# AgentRedChain Demo - SIMULATED DATA ONLY
## Sparse Evaluation Framework for Red-Teaming Multi-Agent LLM Systems

**IMPORTANT**: This notebook uses **100% SIMULATED DATA** generated with numpy.random.beta().
No real API calls are made. All results are synthetic and for demonstration purposes only.

This notebook demonstrates the conceptual workflow:
1. Setup multi-agent chains (simulated)
2. Run dense baseline evaluation (simulated)
3. Analyze attack propagation patterns (on fake data)
4. Design informed sparse sampling (theoretical)
5. Compare sampling strategies (using random data)
6. Fit vulnerability model (on synthetic values)
7. Visualize results (of simulated experiments)

**DO NOT** interpret any results as empirically validated performance metrics.

## IMPORTANT: Run This First!

**If you're getting import errors, run the package installer cell below FIRST.**

This notebook requires several Python packages. The cell below will automatically:
1. Check which packages are missing
2. Install them in your current environment
3. Clear the module cache for clean imports

After running the installer cell, you can proceed with the rest of the notebook.

In [1]:
# Package Installation and Environment Setup
# This cell ensures all required packages are installed in the notebook environment

import sys
import subprocess
import importlib

def install_package(package):
    """Install a package using pip"""
    try:
        subprocess.check_call([sys.executable, "-m", "pip", "install", "--quiet", package])
        return True
    except subprocess.CalledProcessError:
        return False

def check_and_install(package_name, import_name=None):
    """Check if package is installed, install if not"""
    if import_name is None:
        import_name = package_name
    
    try:
        importlib.import_module(import_name)
        print(f"[OK] {package_name}")
        return True
    except ImportError:
        print(f"[INSTALLING] {package_name}...")
        if install_package(package_name):
            print(f"[INSTALLED] {package_name}")
            return True
        else:
            print(f"[FAILED] {package_name}")
            return False

print("=" * 60)
print("AGENTREDCHAIN PACKAGE INSTALLER")
print("=" * 60)
print("\nChecking and installing required packages...")
print("-" * 40)

# Core scientific packages
packages_to_install = [
    ("numpy", None),
    ("matplotlib", None),
    ("seaborn", None),
    ("pandas", None),
    ("scipy", None),
    ("scikit-learn", "sklearn"),
    ("python-dotenv", "dotenv"),
    ("tqdm", None),
]

# LLM and NLP packages
llm_packages = [
    ("langchain", None),
    ("langchain-community", "langchain_community"),
    ("langchain-openai", "langchain_openai"),
    ("langchain-anthropic", "langchain_anthropic"),
    ("openai", None),
    ("anthropic", None),
    ("transformers", None),
    ("sentence-transformers", "sentence_transformers"),
]

# Combine all packages
all_packages = packages_to_install + llm_packages

print("\nCore packages:")
success_count = 0
for package, import_name in packages_to_install:
    if check_and_install(package, import_name):
        success_count += 1

print("\nLLM/NLP packages:")
for package, import_name in llm_packages:
    if check_and_install(package, import_name):
        success_count += 1

print("-" * 40)
print(f"\nPackage installation complete: {success_count}/{len(all_packages)} successful")

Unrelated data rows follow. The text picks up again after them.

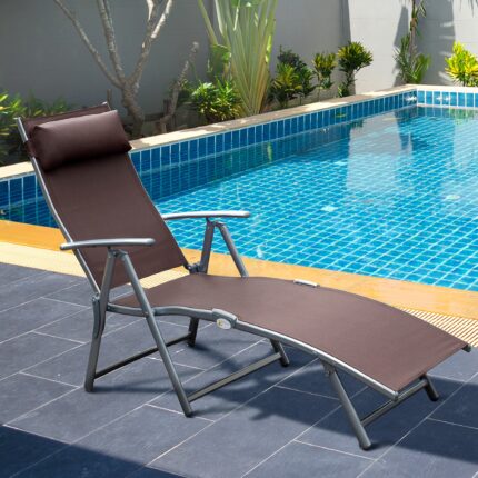Sdraio da Giardino Pieghevole con Cuscino, Schienale con 7 Reclinazioni, 137×63,5×1,5cm, Marrone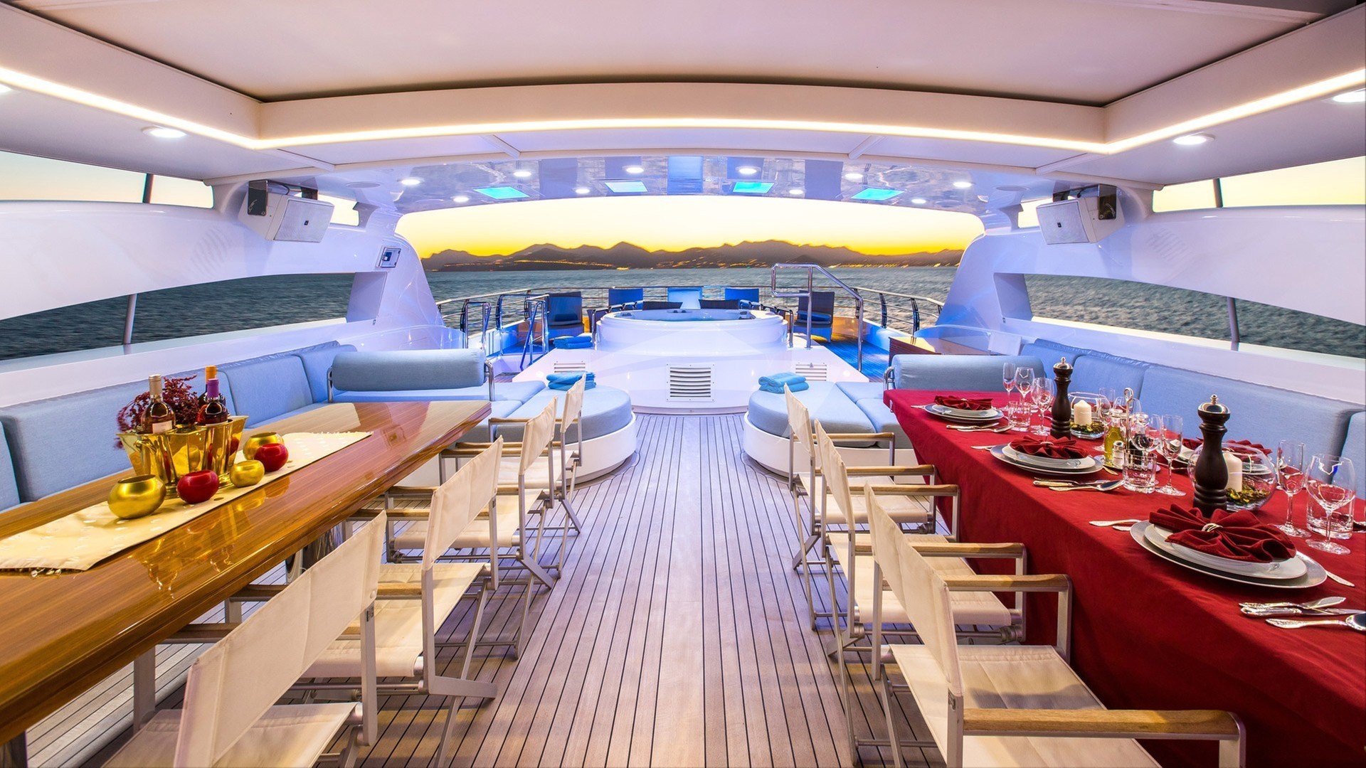 Since her dedicated refit, VERTIGO boasts voluminous, sumptuously redesigned interiors. For those who love to soak up the sun, she features the largest sundeck in her class, complete with a double-glass-fronted heated pool offering uninterrupted views. A spacious swimming platform also affords guests a blissful close-to-the-water experience.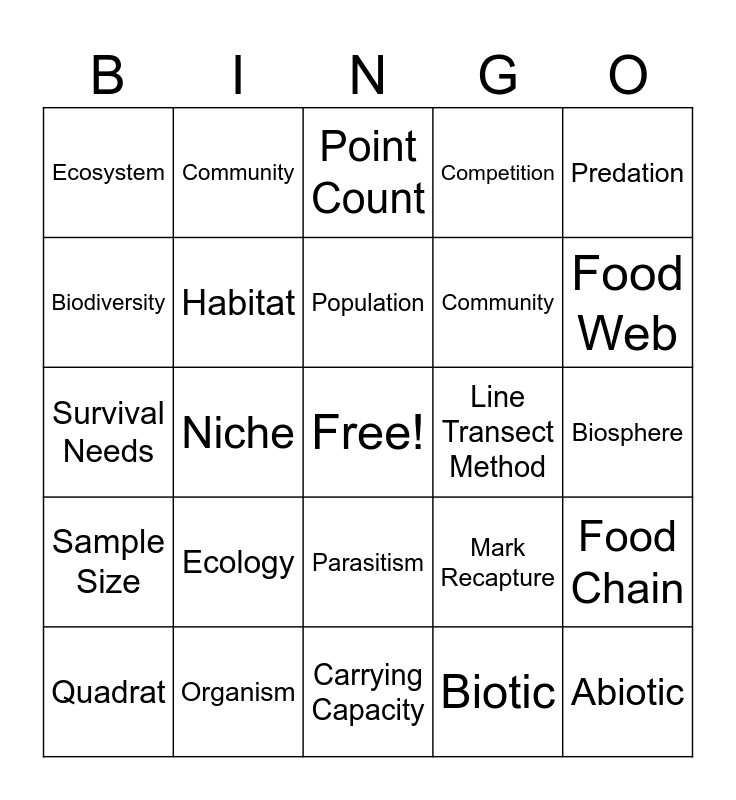 This bingo card has a free space and 24 words: Ecology, Organism, Population, Quadrat, Predation, Ecosystem, Biodiversity, Community, Line Transect Method, Parasitism, Community, Survival Needs, Mark Recapture, Food Chain, Habitat, Biotic, Biosphere, Point Count, Food Web, Niche, Abiotic, Sample Size, Competition and Carrying Capacity.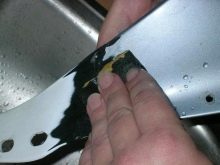 Преди да нанесете лепило (например AS 224), е необходимо внимателно да подготвите работната повърхност за ремонт, това ще осигури силно и висококачествено сцепление. Повредените зони трябва да бъдат обезмаслени и почистени от химическо замърсяване и боя. В случай на авариен ремонт на дупки и запечатване на празнини, предварителните мерки могат да бъдат отменени, но в такива ситуации качеството на връзките ще бъде по -ниско.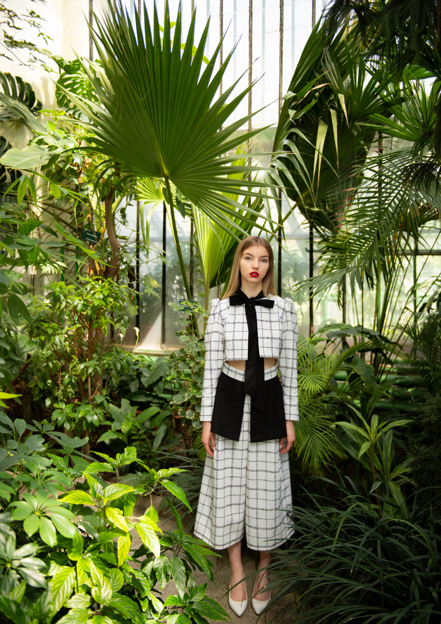 - Pantalon de tip cullotes, talie inalta cu peplum negru .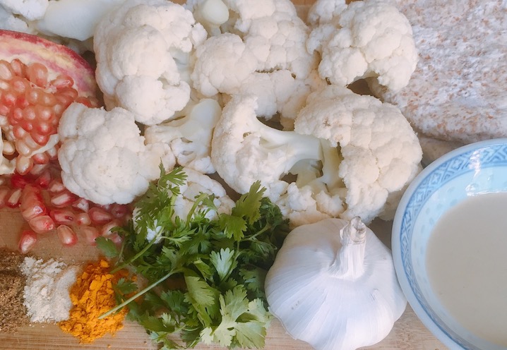 | 7. Doe de bloemkool in een schaal. Strooi er wat koriander en granaatappelpitjes over. Zet op tafel met de sla, komkommer, pitas, knoflooksaus en eventueel sriracha. Serveer met een salade. |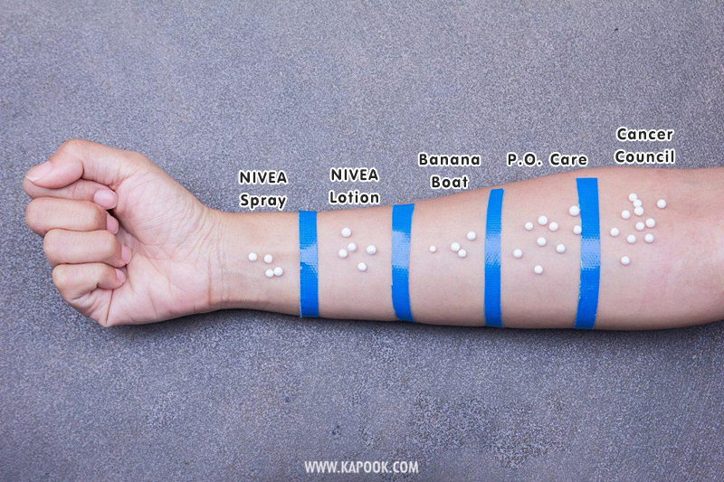 หลังจากทดสอบการซึมซาบตรงหลังมือเสร็จ ก็ผ่านไปแล้วประมาณ 15 นาที งั้นเรากลับมาดูครีมกันแดดที่เราทาทิ้งไว้ใต้ท้องแขนกันดีกว่าว่ามีใครแอบเยิ้ม แอบเหนอะเพิ่มขึ้นจากเดิมรึเปล่า โดยใช้วิธีโปรยเม็ดโฟมแล้วดูว่าตัวไหนจะมีเม็ดโฟมติดมากน้อยกว่ากัน

# Force reload of installed modules
print("\nReloading modules...")
import importlib
import sys

# Clear module cache for fresh imports
modules_to_clear = ['numpy', 'matplotlib', 'seaborn', 'pandas', 'scipy', 
                    'sklearn', 'dotenv', 'tqdm', 'langchain', 'openai', 
                    'anthropic', 'transformers', 'sentence_transformers']

for module in modules_to_clear:
    if module in sys.modules:
        del sys.modules[module]

print("Module cache cleared")
print("\nEnvironment setup complete!")
print("=" * 60)
print("\nProceed to the next cell to import packages...")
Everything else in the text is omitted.